12 thoughts on “Nobody Loves Me Like My Dog

  1. This is so very true and equally hard to accept. You’ve touched a deep awareness that few would see much less admit. Thank you for sharing the insight.

    1. Thank you, Shar. I was SO afraid to press the publish button, haha! People have been very receptive to this uncomfortable article. I’m very grateful for the vulnerability it seems to be inspiring in others. 🙏🏼

  2. Love this! I’ve been that guy since I got my first dog in college. It wasn’t until she died that I realized how lonely and fucked up my relationships had been up to that point.

    1. Yeah, it’s interesting how a sudden loss can somehow force us to look in the mirror. I’ve had that experience more times than I’d prefer. But they all helped me grow into the man I am today. No pain, no gain, I suppose 🤷🏼‍♂️. Thanks for sharing, brother.

  3. I really like it that you said you weren’t committed to saying pretty things so people will love you. I also like it that you’re willing to say the uncomfortable shit. It’s clear that you’ve done a *lot* of work. Hat tip to you!

  4. So, when will you tell me some more pretty things? I really want to like you, my dude. That being said, my dogs are an accurate barometer for my mental health. Not really the direction you were going; however, it’s the thought that triggered in my dome.

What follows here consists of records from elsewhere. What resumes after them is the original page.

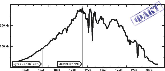 Надо сказать, что иллюзии 1861 года никак не отличались от иллюзий года 2013-го. В 1861 году произошло много исторических событий. В Российской империи было отменено крепостное право. Между североамериканскими штатами началась гражданская война. А в Англии был построен первый в мире стальной броненосец с паровой машиной, гребным винтом и композитной броней. Век железа, угля и пара был в разгаре, но остался забытым данный в том году ответ на волновавший английскую публику вопрос: «На сколько времени хватит наших угольных копей?». Ответить на этот вопрос попытался геолог Эдвард Хулл. Подсчитав известные запасы угля, он написал в своей работе «The Coal-Fields of Great Britain» следующее: «доступное количество угля составляет 89 424 миллиона тонн, чего хватит не менее чем на 1100 лет». Всего 150 лет спустя, в 2011 году, годовая добыча угля в Британии снизилась до уровня 18,3 миллиона тонн – всего лишь до уровня в 6,3 % от пика годовой добычи в 292 миллиона тонн, которого Великобритания достигла уже в 1913 году. Случилось это всего через 52 года после прогноза Хулла, который пророчил углю еще 1500 лет жизни. А годом позже «пика угля», в августе 1914 года, 40 % британских шахтеров призывного возраста отправились добровольцами в кровавую мясорубку Первой мировой. Но это лишь совпадение, точнее – «теньденция», как говорил чукча из анекдота, наблюдая за пятым оленем, который тоже сорвался вниз с крутого обрыва. Тот, угольный гегемон так закончил свой век. И такая «теньденция» у нас всегда у гегемона, находящегося на пике.
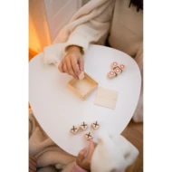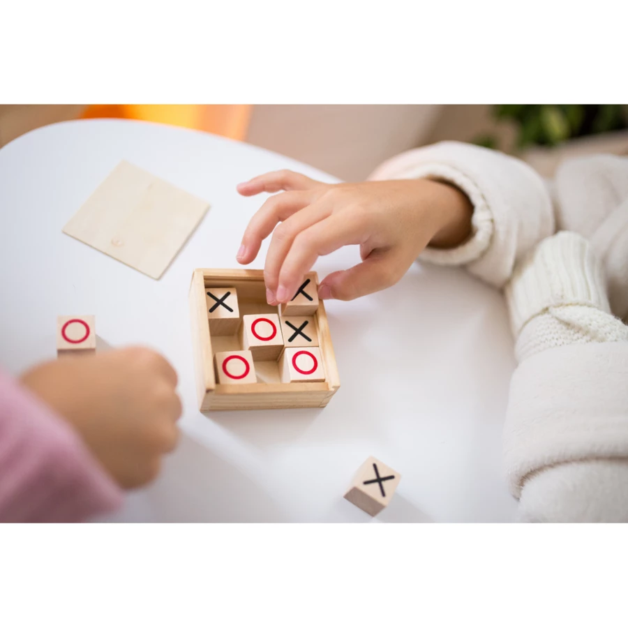 Gra "kółko i krzyżyk" w pudełku, zawiera 9 klocków z symbolami kółek i krzyżyków, może być ciekawym sposobem na ćwiczenie strategii i logicznego myślenia, produkt wykonany z drewna
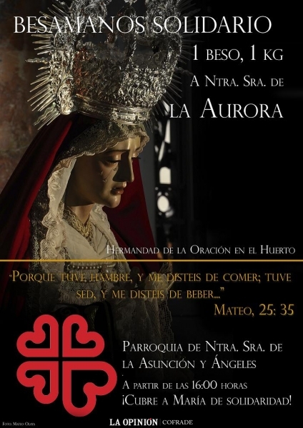 La Real Hermandad de Nuestro Padre Jesús de las Penas y de la Oración en el Huerto, convoca a sus hermanos y devotos a los Solemnes Cultos a celebrar el próximo sábado, 1 de noviembre, en honor de la imagen mariana de la Hermandad, Nuestra Señora de la Aurora. Durante dicha jornada, y a partir de las 16:00 horas, la imagen de la Santísima Virgen se encontrará en devoto besamanos en la sede canónica de la corporación del Domingo de Ramos egabrense, la Parroquia de Nuestra Señora de la Asunción y Ángeles. Éste besamanos, se caracteriza por la singularidad de que, desde el pasado año, se trata de un acto de veneración y solidaridad. Bajo la campaña "1 beso, 1 kg", la Junta de Gobierno que preside José Alberto Pérez-Aranda Lama, invita a los hermanos, devotos y egabrenses en general a acudir al besamanos con alimentos no perecederos, que la Hermandad entregará al finalizar el besamanos a Cáritas de la Asunción. Dicho organismo, ha comunicado que es aceite lo que primordialmente se necesita en Cáritas.

    1. Haha. Absolutely. Pets are indeed accurate reflections of their owners. “Bad dogs” have bad masters. The universe is a mirror, my friend.

  5. I was always confused as a young adult as to why my Mom could have such loving relationships with her dogs and not other people. Eventually, she did develop a very good relationship with my stepdad, and I saw a considerable change in her. This makes so much sense to me now. Thanks for the article!

    1. Thanks for reading! That’s a great observation, too. There are many people who are completely loving and wonderful to their dogs but their human relationships are doo doo. It’s unfortunate, but like you said, it makes total sense. Vulnerability avoidance tactics are often in place to skirt deep shame. Pets can help soothe that, but they generally don’t heal it.

  6. Maybe this is why I always resented my mom’s dogs and never was a pet person, because she cared so much about them, always busy with them, but emotionally starved me, because she didn’t have the tools or emotional language to change.

    1. Totally possible! I’ve met a lot of people who had terrible family connections and found a tremendous amount of safety in connection with animals. It’s a tale as old as time, I’m sure.